Bruno’s accent is as British as it can be, but I can hear a subtle French and Portuguese inflection.
He is a man of many passions and has lived in between England, France, Norway, and Portugal, where his parents moved to after fleeing revolutions in Mozambique and South Africa.
In Norway, during his studies, he fondly recalls getting his skis on after school, where he also felt “a bit like an alien”- as he didn’t know anyone.
And, even for a sun-loving Portuguese migrant, the Scandinavian country had something to offer: a much fairer and transparent perspective on society.
Bruno specifically mentioned an unusual dilemma: “Norway’s heated debate then was on how to pass electrical cables from one side of the country to the other, to make sure it wouldn’t aesthetically damage the fiords.
“To me, this was incredibly positive, in a time where back home [in Portugal] the government was figuring out how to pay the teachers’ salaries the next day.”

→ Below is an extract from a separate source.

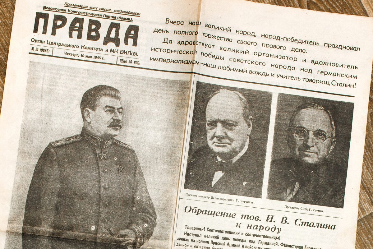 С фотографий газеты, вышедшей на следующий день после дня Победы, на нас смотрят главные лица той эпопеи: И.В.Сталин, У.Черчилль, Ф.Д. Рузвельт, Г.Трумэн, Д.Эйзенхауэр, Б.Монтгомери, Г.Александер, наши маршалы и адмиралы.

Later on, Bruno’s biggest challenge was to find “meaningful work” and a cause he “deeply cared about.”, he told me.
Because of his interest in new businesses and the startup world, he moved to London to find roots in an international playground.
He organised events and was even a mentor at Google startups where “lots of people are trying to crack wicked problems.”. He settled at Monzo, a bank revolutionising the industry, and where he always dreamed to be.
“A shared past still matters. When you are sharing a house, a living room with others, you have little references. The battles you had previously fought, you have to fight them again,” he concluded.